Look Downstream For Signs Of A True Oil (And Economic) Recovery

by: PLM Investments


As oil prices declined, refineries have over-produced gasoline and distillates.

Economic and other external factors have slowed demand, leading to large stocks.

Too much downstream product in storage is stressing refiners and signaling economic weakness.

The demand side of oil may hold the key to unlocking oil prices in the future. Oil's oversupply issues have been well publicized.

However, downstream issues can be equally pertinentOil prices depend on refined product demand, distillates and gasoilne. . Demand, production, and stocks of refined products, which are closely watched in the industry, may also affect the timing of oil's eventual price rebalancing. Furthermore, distillate (e.g., diesel fuel and heating oil) demand is a surrogate for industrial sector health and is therefore worth watching as a general economic indicator.

Most refiners have some degree of capability to adjust the relative amounts of gasoline and distillates they produce. If supply of one or demand of the other warrants a change in production levels to optimize profits, refiners can react accordingly. Therefore, both supply and demand of both gasoline and distillates are important to consider.

We are currently in a situation where both gasoline and distillate stocks are at unusually high levels. And these levels are affecting refinery consumption, introducing a potential bottleneck that is increasing the need for oil storage. Downstream refining is just as important a consideration as upstream supply. I take a look at both gasoline and distillate demand and stocks, with an emphasis on distillates.

Gasoline demand generally increases when its price falls owing to an increase in driver miles. However, there are limits to the incremental change in driver behavior over long periods of time (measured in years). It's likely that the increased demand is nearing that saturation point so future changes won't be nearly as pronounced. On the other hand, seasonal effects are kicking in for spring/summer drivers.

The following three charts show two-year gasoline demand, production, and stock levels.

Gasoline demand peaked last summer and then retreated toward year's end. January demand was below last year's level before turning around in February.

Gasoline production remained above prior levels through January, which includes the period of lowered demand. Current production and demand are now ahead of last year.

The result, though, was an oversupply of gasoline at the beginning of 2016. Gasoline stocks well outpaced five-year levels at the beginning of the year but are starting to draw down.

A similar overproduction occurred with distillates. This is shown in the sequence of charts that follow.

Distillate demand has been well below last year's level since December.

While recent distillate production has been following the year-earlier relative trends, but not compensating enough in reduction. Current production is matching last year's level.

As a result, since December, distillate stocks have risen to five-year highs.

Note that high distillate stocks aren't only an American problem, they are a worldwide issue.

It's also notable that, starting late last year, distillate demand began reaching ten-year lows on an absolute basis.

The reduced distillate demand was concurrent with gasoline's January demand decrease. The combination of both downstream products being at high stock levels led to a slowdown in refining production for both. That meant more crude oil going into storage. The supply-demand balance of refined products is continually being worked by the industry.

Next, let's look at distillate demand as an indicator of economic activity. It turns out that distillate demand changes correlate very well with economic downturns.

We are in a major distillate demand growth trough at present. This has corresponded to recessionary conditions five times over the last 35 years.
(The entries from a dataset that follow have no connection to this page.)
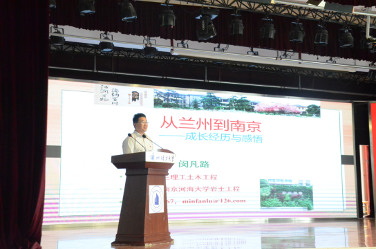闵凡路副教授作了题为《从兰州到南京》的报告,闵教授从自己在工大学习,攻读硕士博士学位以及工作经历等阶段,和大家分享了自己的成长经历,并给2019级同学提出了几点建议:一是希望同学们能够重视基础课程学习,尤其是专业课程;二是积极主动参与到学校组织的各项活动中,提高个人的综合能力;三是养成健康的学习生活习惯,多读有营养的书。尽早确立学习目标,并为之努力。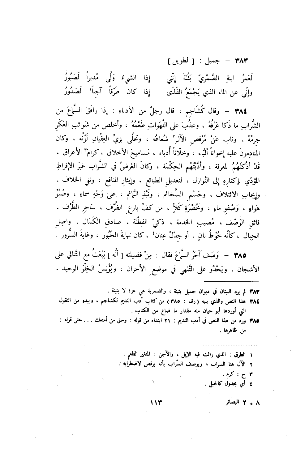 وقال كشاجم، قال رجل من الأدباء: إذا رافق السماع من الشارب ما ذكا عرفه، وعذب على اللهوات طعمه، وأخلص من شوائب العكر جرمه، وناب عن مرقص الآل شعاعه، وتحلى بزي العقبان لونه، وكان المنادمون عليه إخواناً ألباء، وخلاناً أدباء، مساميح الأخلاق، كرام الأعراق، قد أذكتهم المعرفة، وأدبتهم الحكمة وكان الغرض في الشرب غير الإفراط المؤدي بإكثاره إلى النوازل، لتعديل الطبائع، وإياثر المنافع، ونفي الخلاف، وغيجاب الائتلاف، وحسم السخائم، ونبذ النمائم، على وجه سماء، وصبو هواء، وصفو ماء، وخضرة كلأ، من كف بارع الظرف، ساحر الطرف، فائق الوصف، مصيب الخدمة، ذكي الفطنة، صادق الكمال، واصل الحبال، كأنه خوط بان، أو جدل عنان، كان نهاية الحبور، وغاية السرور.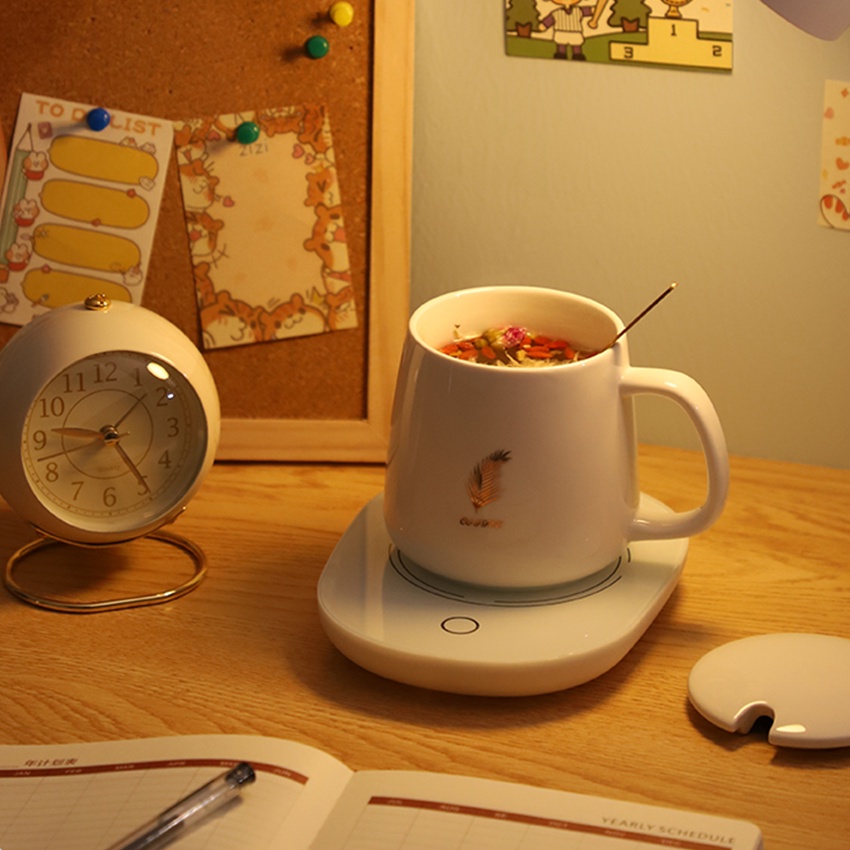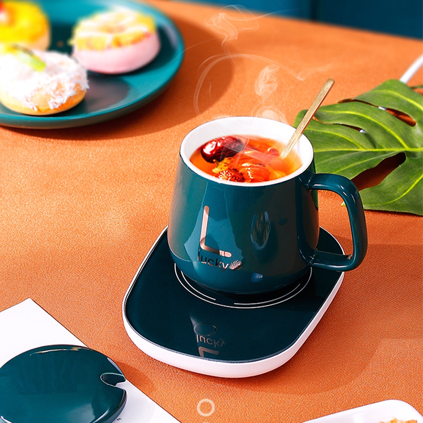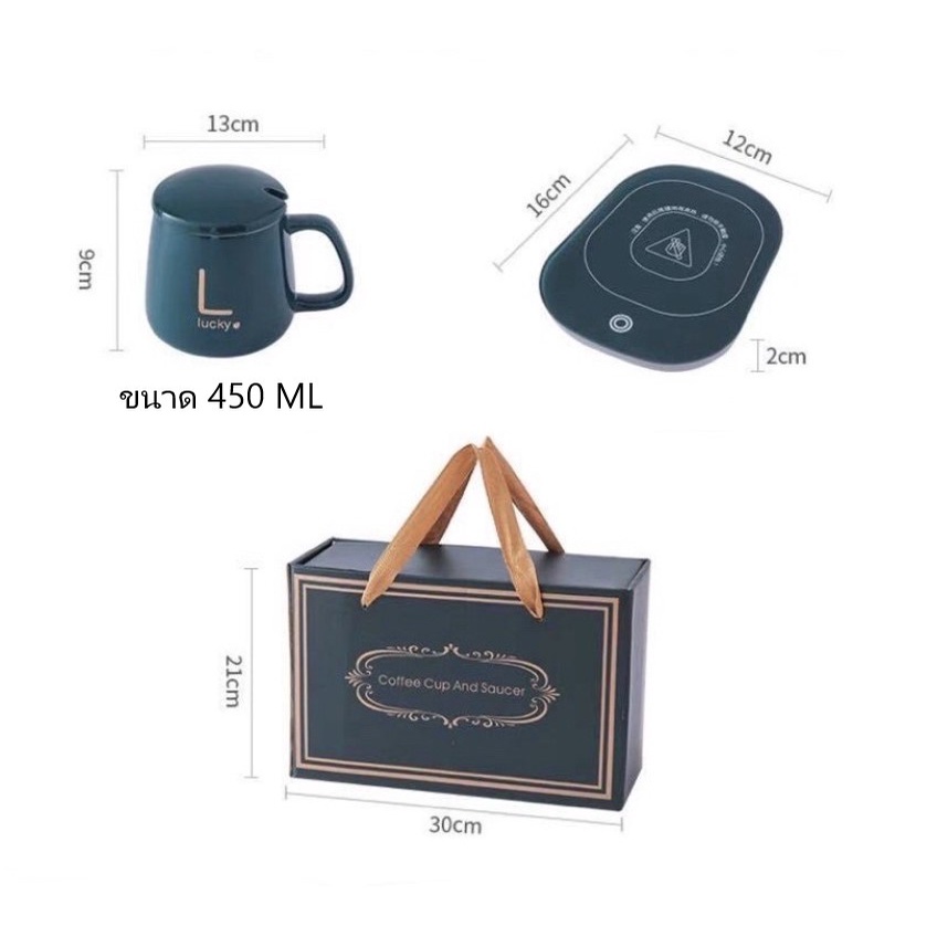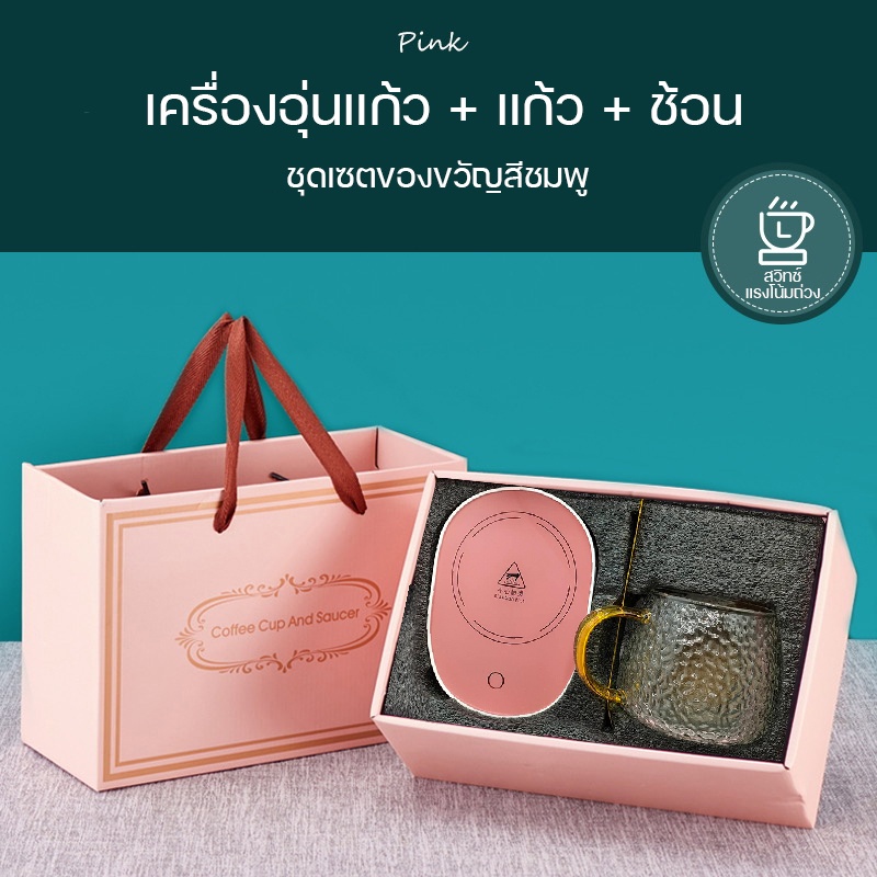 เครื่องอุ่นแก้ว พร้อมแก้ว+ฝา+ช้อน ชุดแก้วกาแฟ ของขวัญ เซ็ตอุ่นร้อน พร้อมเครื่องอุ่น

Conversely, I expect a turnaround in distillate demand be indicative of an improving economy at some point in the future.
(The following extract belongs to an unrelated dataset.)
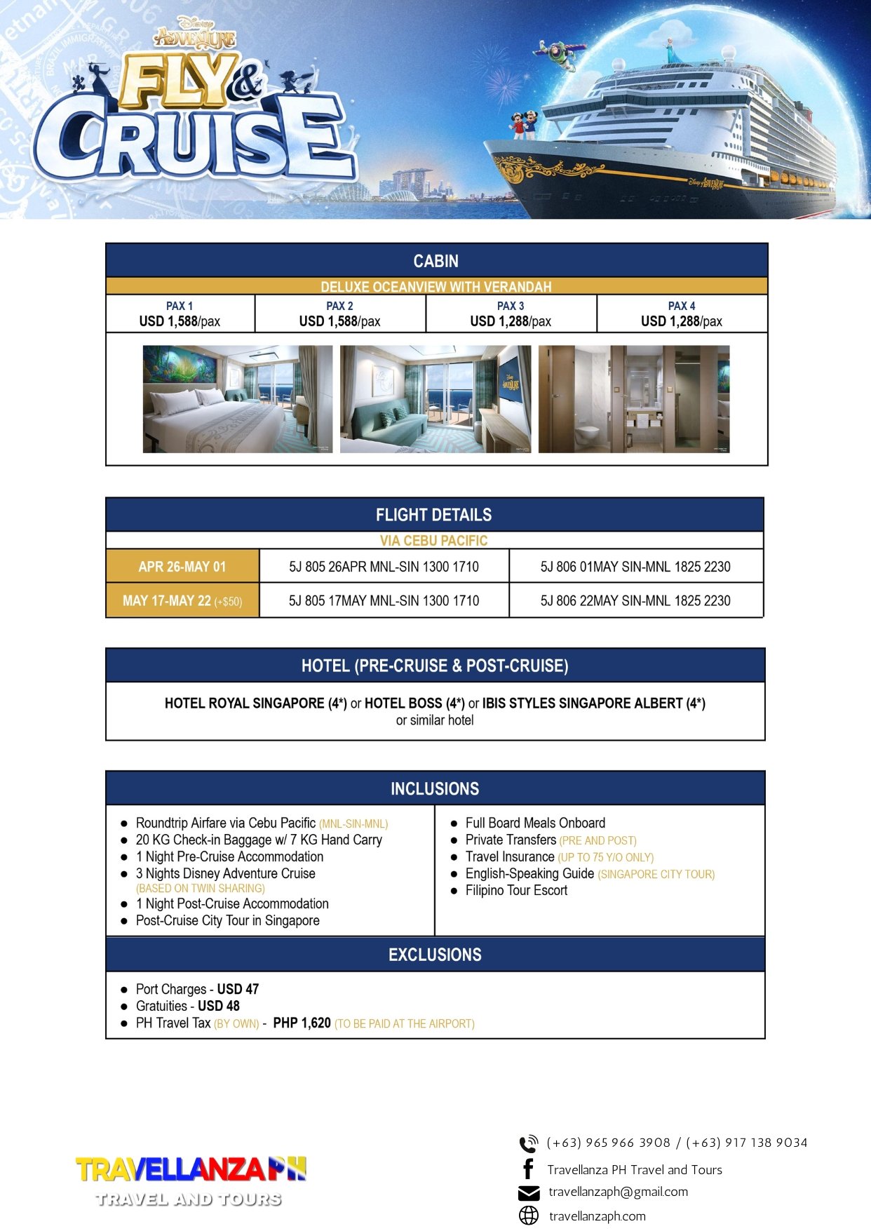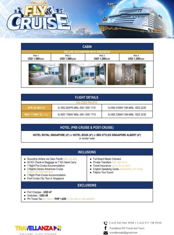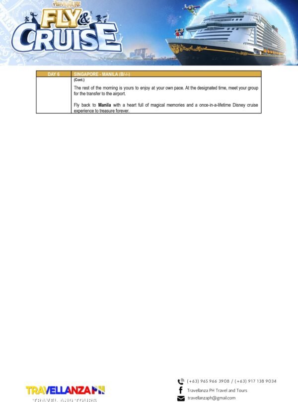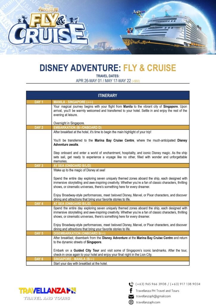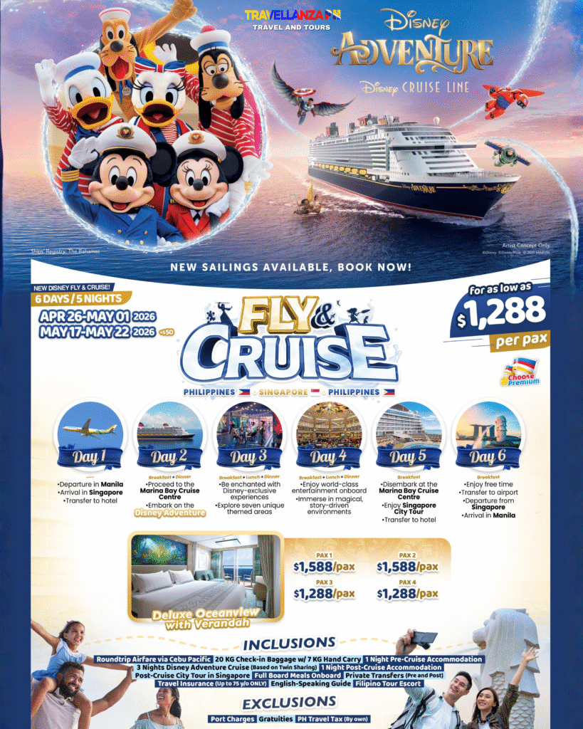 Disney Fly & Cruise 6 Days 5 Nights Overview Overview Go and book your Tour now! Month of Availability!April 26 - May 01 2026May 17 - May 22 2026 +$50 Date & Time Package Type Back Continue You can send your enquiry via the form below. Trip name: * Disney Fly & Cruise Your name: * Your email: * Country * Choose a country*AfghanistanĂ…land IslandsAlbaniaAlgeriaAmerican SamoaAndorraAngolaAnguillaAntarcticaAntigua and BarbudaArgentinaArmeniaArubaAustraliaAustriaAzerbaijanBahamasBahrainBangladeshBarbadosBelarusBelgiumBelauBelizeBeninBermudaBhutanBoliviaBonaire, Saint Eustatius and SabaBosnia and HerzegovinaBotswanaBouvet IslandBrazilBritish Indian Ocean TerritoryBruneiBulgariaBurkina FasoBurundiCambodiaCameroonCanadaCape VerdeCayman IslandsCentral African RepublicChadChileChinaChristmas IslandCocos (Keeling) IslandsColombiaComorosCongo (Brazzaville)Congo (Kinshasa)Cook IslandsCosta RicaCroatiaCubaCuraçaoCyprusCzech RepublicDenmarkDjiboutiDominicaDominican RepublicEcuadorEgyptEl SalvadorEquatorial GuineaEritreaEstoniaEthiopiaFalkland IslandsFaroe IslandsFijiFinlandFranceFrench GuianaFrench PolynesiaFrench Southern TerritoriesGabonGambiaGeorgiaGermanyGhanaGibraltarGreeceGreenlandGrenadaGuadeloupeGuamGuatemalaGuernseyGuineaGuinea-BissauGuyanaHaitiHeard Island and McDonald IslandsHondurasHong KongHungaryIcelandIndiaIndonesiaIranIraqIrelandIsle of ManIsraelItalyIvory CoastJamaicaJapanJerseyJordanKazakhstanKenyaKiribatiKuwaitKyrgyzstanLaosLatviaLebanonLesothoLiberiaLibyaLiechtensteinLithuaniaLuxembourgMacaoNorth MacedoniaMadagascarMalawiMalaysiaMaldivesMaliMaltaMarshall IslandsMartiniqueMauritaniaMauritiusMayotteMexicoMicronesiaMoldovaMonacoMongoliaMontenegroMontserratMoroccoMozambiqueMyanmarNamibiaNauruNepalNetherlandsNew CaledoniaNew ZealandNicaraguaNigerNigeriaNiueNorfolk IslandNorthern Mariana IslandsNorth KoreaNorwayOmanPakistanPalestinian TerritoryPanamaPapua New GuineaParaguayPeruPhilippinesPitcairnPolandPortugalPuerto RicoQatarReunionRomaniaRussiaRwandaSaint BarthélemySaint HelenaSaint Kitts and NevisSaint LuciaSaint Martin (French part)Saint Martin (Dutch part)Saint Pierre and MiquelonSaint Vincent and the GrenadinesSan MarinoSão Tomé and PríncipeSaudi ArabiaSenegalSerbiaSeychellesSierra LeoneSingaporeSlovakiaSloveniaSolomon IslandsSomaliaSouth AfricaSouth Georgia/Sandwich IslandsSouth KoreaSouth SudanSpainSri LankaSudanSurinameSvalbard and Jan MayenSwazilandSwedenSwitzerlandSyriaTaiwanTajikistanTanzaniaThailandTimor-LesteTogoTokelauTongaTrinidad and TobagoTunisiaTurkeyTurkmenistanTurks and Caicos IslandsTuvaluUgandaUkraineUnited Arab EmiratesUnited Kingdom (UK)United States (US)United States (US) Minor Outlying IslandsUruguayUzbekistanVanuatuVaticanVenezuelaVietnamVirgin Islands (British)Virgin Islands (US)Wallis and FutunaWestern SaharaSamoaYemenZambiaZimbabwe Contact number: * No. of Adults * No. of children Enquiry Subject: * Your Message * Show Prices From ₱75,915 / Rate Best Price GuaranteedNo Booking FeesProfessional Local Guide Check Availability ArchivesNo archives to show.CategoriesNo categoriesFeatured Trips ₱1,200 BORACAY ISLAND HOPPING Boracay, Philippines, Daily Tours, Packages 8 Hours ₱2,600 UNDERGROUND RIVER Daily Tours, Puerto princesa city, Palawan 8 Hours ₱2,700 CALAUIT SAFARI WITH BLACK ISLAND TOUR Coron, Palawan, Daily Tours 8 Hours

The major takeaways are twofold. First, until these potential downstream bottlenecks in both gasoline and distillates stocks subside, there will be downward pressure on the price of crude oil. Second, distillate demand, as a potential economic indicator, bears watching for signs of general economic recovery and investment-timing considerations.
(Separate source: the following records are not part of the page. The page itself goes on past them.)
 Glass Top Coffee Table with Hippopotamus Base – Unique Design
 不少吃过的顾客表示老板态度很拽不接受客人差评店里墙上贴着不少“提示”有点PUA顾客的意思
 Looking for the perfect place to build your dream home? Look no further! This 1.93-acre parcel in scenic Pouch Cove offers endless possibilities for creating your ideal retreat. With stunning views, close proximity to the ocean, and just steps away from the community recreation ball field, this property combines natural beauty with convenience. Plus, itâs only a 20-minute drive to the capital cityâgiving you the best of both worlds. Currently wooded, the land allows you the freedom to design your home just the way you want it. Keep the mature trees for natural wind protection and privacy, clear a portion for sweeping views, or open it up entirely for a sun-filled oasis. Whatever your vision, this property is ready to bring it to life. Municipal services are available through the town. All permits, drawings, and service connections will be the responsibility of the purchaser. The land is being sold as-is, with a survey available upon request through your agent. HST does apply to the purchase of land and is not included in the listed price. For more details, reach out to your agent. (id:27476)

Look for a rise in distillate demand to indicate improving health of our economy, as this is likely to foretell the end of the current slowdown. In contrast, an increase in gasoline consumption as we begin to enter the driving season is expected, but it may not be a sufficient tell from a refined-products perspective.

Broad stock-level reductions should go along with improving economic conditions. But if the economy stagnates, recurring high gasoline and distillate stock levels will reflect it.

And remember, if oil producers agree to status-quo overproduction, oversupply will continue until demand catches up and stocks begin to be depleted in meaningful quantity. Once production numbers can be estimated with better accuracy, gasoline and distillate demand will become key factors for calculating when this will occur.

From an investor's perspective, refining companies like Valero (NYSE:VLO) will be in the driver's seat when the economic situation corrects. I continue to believe that companies like Exxon Mobil (NYSE:XOM), Chevron (NYSE:CVX), Occidental Petroleum (NYSE:OXY), and EOG Resources (NYSE:EOG) will struggle through a longer period of reduced earnings, though their downstream operations will help mitigate the effects of the oil-price downturn to some degree.

Disclosure: I/we have no positions in any stocks mentioned, and no plans to initiate any positions within the next 72 hours.

I wrote this article myself, and it expresses my own opinions. I am not receiving compensation for it (other than from Seeking Alpha). I have no business relationship with any company whose stock is mentioned in this article.